> [What this task involves] Once the line containing "9.床面头部下方有氧气瓶固定座; 10.床脚为静音万向轮,带中控刹车装置。 |" is found in the data below, repeat it and every later line exactly, leaving the pictures out.

(Data extracted from a collection)
---*---

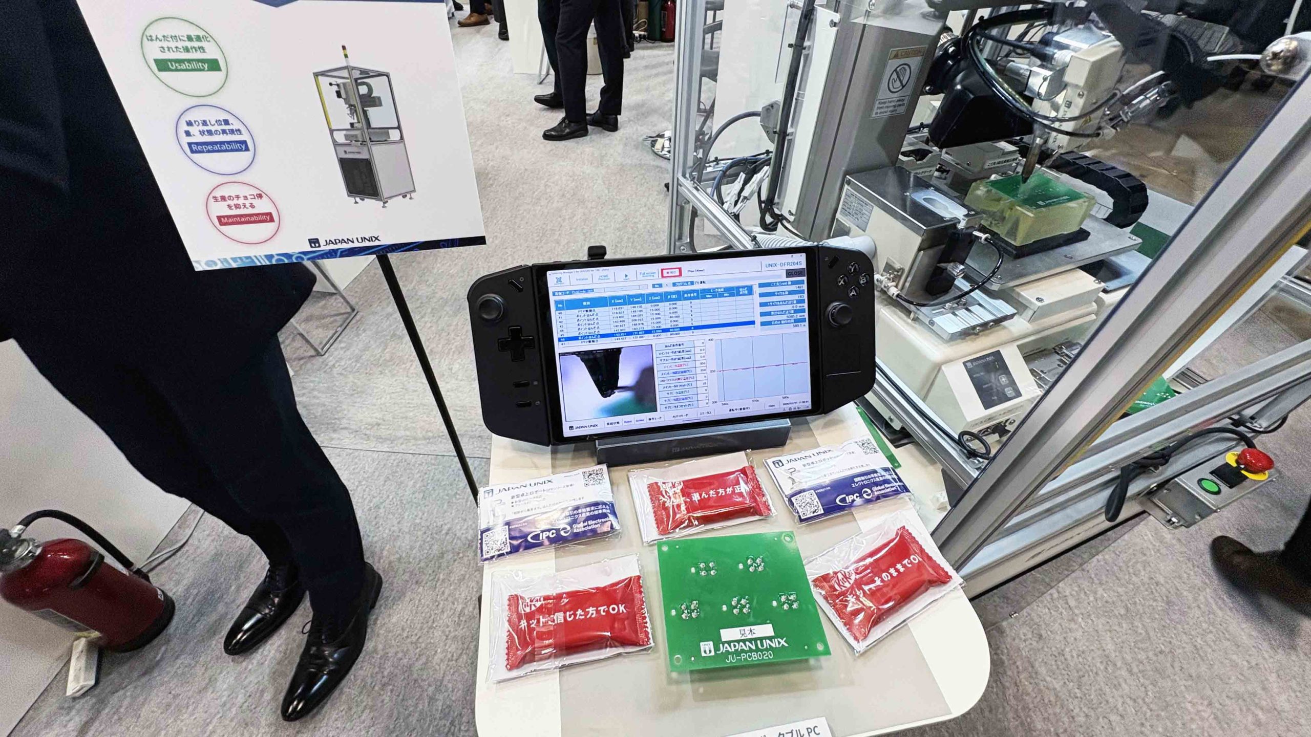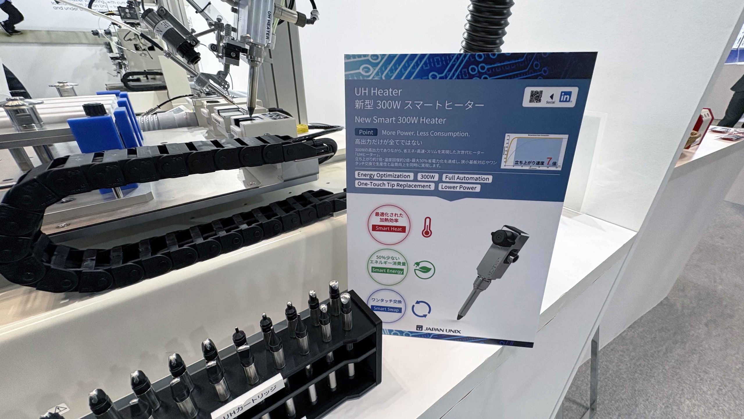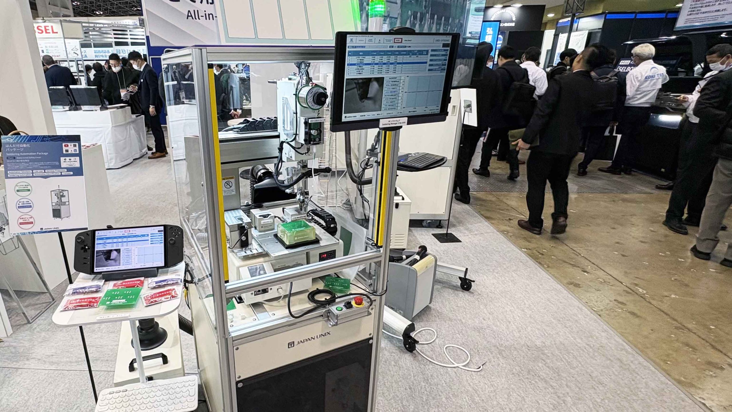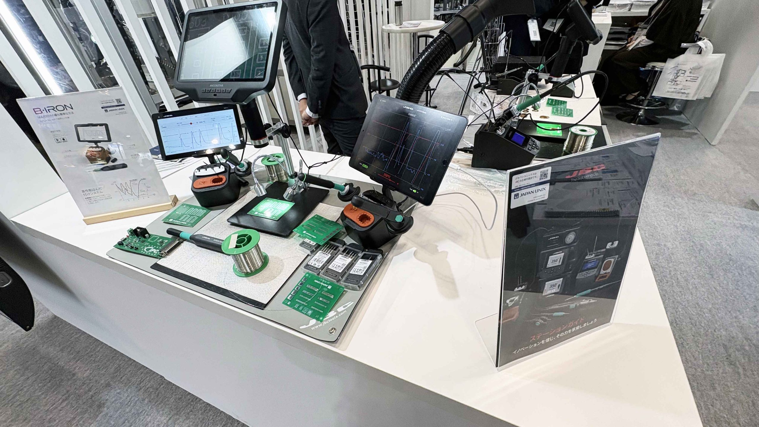 🔹 体験デモ機の展示 — 実際の自動はんだ付けを見ながら、プロセスをその場で確認できます。
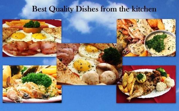 Cocktails and sundowners are part of our game. Their specialties are chicken, prawns, calamari and codfish not to mention their 18-page menu.
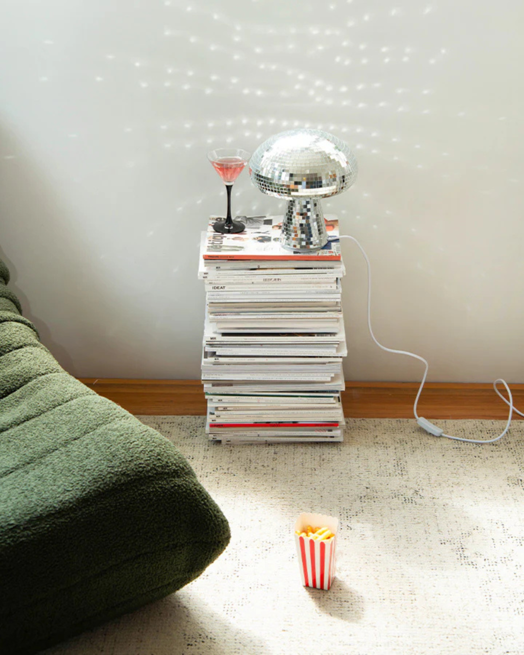 Transformez votre intérieur en une véritable discothèque miniature et laissez la magie opérer : avec la lampe champignon disco miroir, la fête commence dès que vous la branchez !
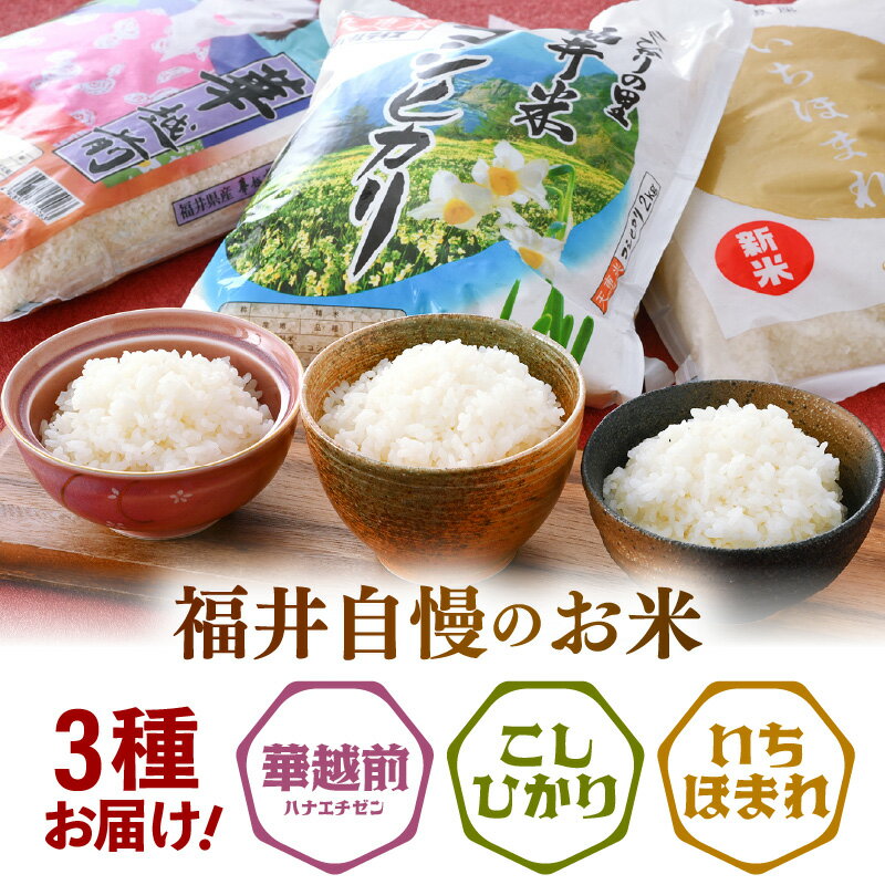 - 【ふるさと納税】【令和7年産】福井のお米食べ比べセット 2kg×3種 計6kg / 福井県産 ブランド米 ハナエチゼン・コシヒカリ・いちほまれ 精米 白米
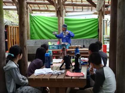 最初に,山の家の先生から説明を聞きます。大変素晴らしい「聞く態度」を褒めていただきました。
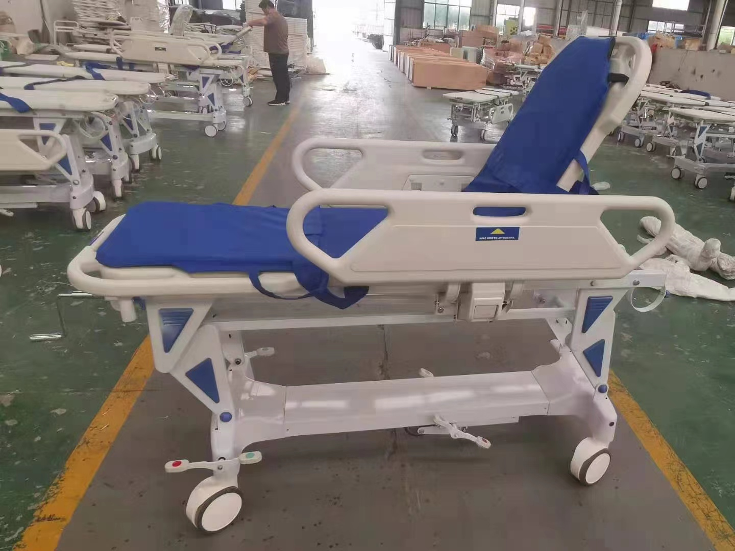 1.最大承载重量不小于200kg; 2.可折叠式摇杆,用于调节床体升降高度,有到位极限保护装置; 3.头部床面最大倾斜角度为80±5°; 4.单页式ABS护栏,护栏转动柄上有暗开关控制上升下降,护栏下降收缩时与床面平齐; 5.床面板有透气孔,前后有四个弧形推手洞; 6.床面中部为软连接床面; 7.配有2个点滴架插孔,1支伸缩输液杆; 8.工字型加重底架; 9.床面头部下方有氧气瓶固定座; 10.床脚为静音万向轮,带中控刹车装置。 |
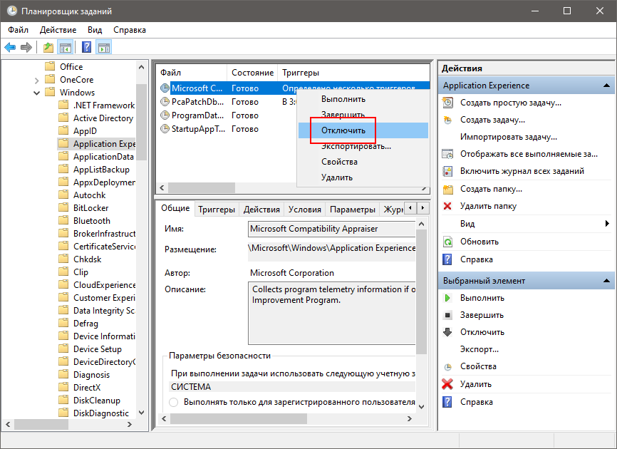 Также мы рекомендуем отключить задачи Microsoft Compatibility Appraiser и ProgramDataUpdater в Планировщике заданий (taskschd.msc).
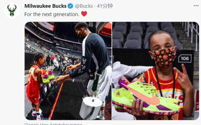 字母哥在离场之前,脱下了自己的球鞋,并向他送给一位小球迷。小球迷则对字母哥再三表达了感谢。对于字母哥来说,这只是一次平常的馈赠。然而对于这位球迷来说,或许他会一辈子都记住这个时刻。雄鹿官方也晒出了字母哥送鞋的照片,写道:“为了下一代!”
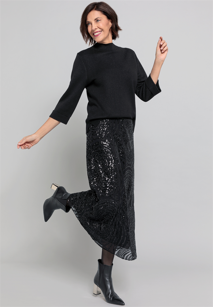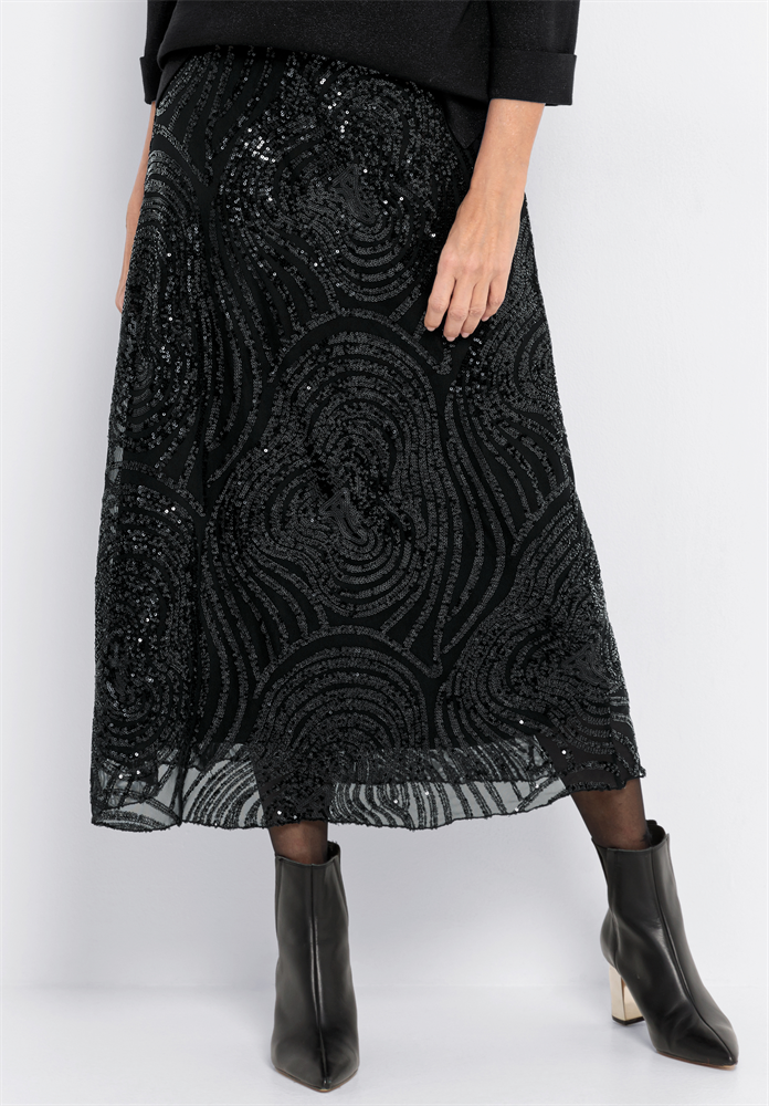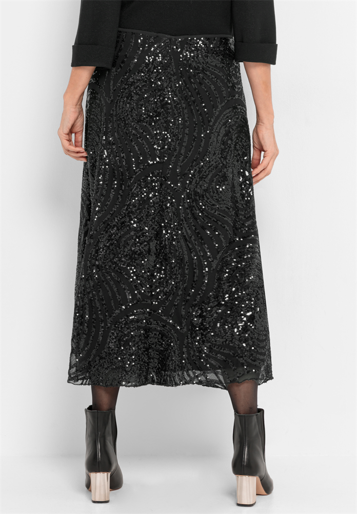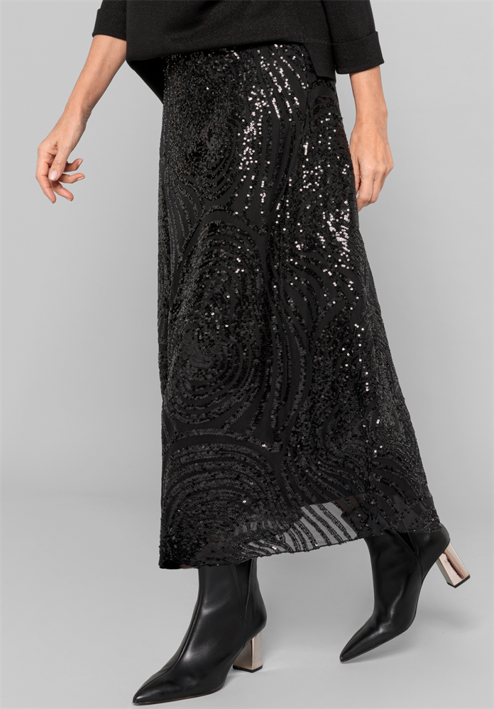 Glanzvoll auftreten mit Feli! Unser neuer exklusiver Paillettenrock überzeugt mit seiner modernen Maxi-Länge, der leicht ausgestellten Form und dem komfortablen Gummibund. Hochwertiges Mesh mit Elasthan und ein weiches Jerseyfutter sorgen für angenehmen Tragekomfort. Ein Rock, der Eleganz und Leichtigkeit vereint, und Sie bei jedem Anlass strahlen lässt.

---*---

> [Problem solution]
 1.最大承载重量不小于200kg; 2.可折叠式摇杆,用于调节床体升降高度,有到位极限保护装置; 3.头部床面最大倾斜角度为80±5°; 4.单页式ABS护栏,护栏转动柄上有暗开关控制上升下降,护栏下降收缩时与床面平齐; 5.床面板有透气孔,前后有四个弧形推手洞; 6.床面中部为软连接床面; 7.配有2个点滴架插孔,1支伸缩输液杆; 8.工字型加重底架; 9.床面头部下方有氧气瓶固定座; 10.床脚为静音万向轮,带中控刹车装置。 |
 Также мы рекомендуем отключить задачи Microsoft Compatibility Appraiser и ProgramDataUpdater в Планировщике заданий (taskschd.msc).
 字母哥在离场之前,脱下了自己的球鞋,并向他送给一位小球迷。小球迷则对字母哥再三表达了感谢。对于字母哥来说,这只是一次平常的馈赠。然而对于这位球迷来说,或许他会一辈子都记住这个时刻。雄鹿官方也晒出了字母哥送鞋的照片,写道:“为了下一代!”
 Glanzvoll auftreten mit Feli! Unser neuer exklusiver Paillettenrock überzeugt mit seiner modernen Maxi-Länge, der leicht ausgestellten Form und dem komfortablen Gummibund. Hochwertiges Mesh mit Elasthan und ein weiches Jerseyfutter sorgen für angenehmen Tragekomfort. Ein Rock, der Eleganz und Leichtigkeit vereint, und Sie bei jedem Anlass strahlen lässt.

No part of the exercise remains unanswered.